Author: Weronika Panasewicz
The exhibition entitled The Near and the Elsewhere, curated by Sonja Zavrtanik, was specifically prepared for Škuc Gallery in Ljubljana. In contrast, in Eškinja’s previous work, the premise of his project was not an interior or gallery space, but contemporary city, within which he confronts us with non-places, which are characteristic of the supermodernity of the contemporary world. According to French anthropologist Marc Augé, non-site is an anonymous, imperceptible place that we do not identify with, which we dispassionately and mechanically leave in a rush, and which we treat exclusively as a transit on the way to another destination. They are also abandoned places without cultural tradition, like highways, airports and shopping centres. In those places contemporary people spend increasingly more time. With his objects and one installations Eškinja transfers us to such places.
On the one hand, such places are familiar, because we all know bus stops or garden swings, on the other hand, everywhere (or perhaps better to say “elsewhere” to alluded to the title of the exhibition) they are anonymous and always the same. This “familiar” part is constructed in the form of very sophisticated mural “drawings”. Eškinja uses simple, inexpensive materials, such as floral wallpapers, vintage arm-chair, lamp and electric cables. He “performs” the objects and situations, catching them in their intimate and silent transition from two-dimensional to three-dimensional formal appearance. Eškinja defines another quality that goes beyond physical aspects and enters the register of the imaginative and the imperceptible. The simplicity of form is an aesthetic quality that opens up a possibility for manipulating a meaning. The tension between multiplicity and void constitutes one of the most important aspects of Eškinja’s “mural labels” and seemingly furniture installations.

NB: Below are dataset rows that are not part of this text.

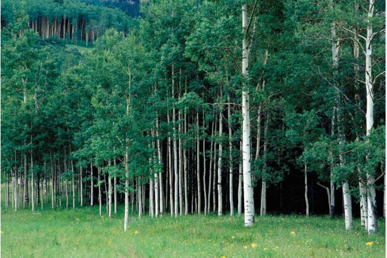
Aspen Grove, Uncompahgre Forest, Colorado

Be All You Can In Ways That Add Balance To Your Life
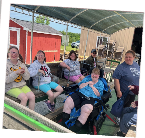
Community Day Services
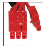
4X 6+2 Pin PCI-E
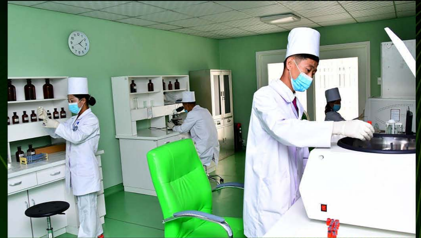
Urine Test Room

In a way we could trace a continuity between Eškinja’s work and the Renaissance to Arts and Crafts Movement illusionistic tradition, expressed in the anamorphic representations or trompe l’oeil, or through the use of perspective as a tool to control the gaze. Just as the artists from the Renaissance used perspective in order to create perfect, even if illusory, space, installations of the Croatian artist create the illusion of the visible.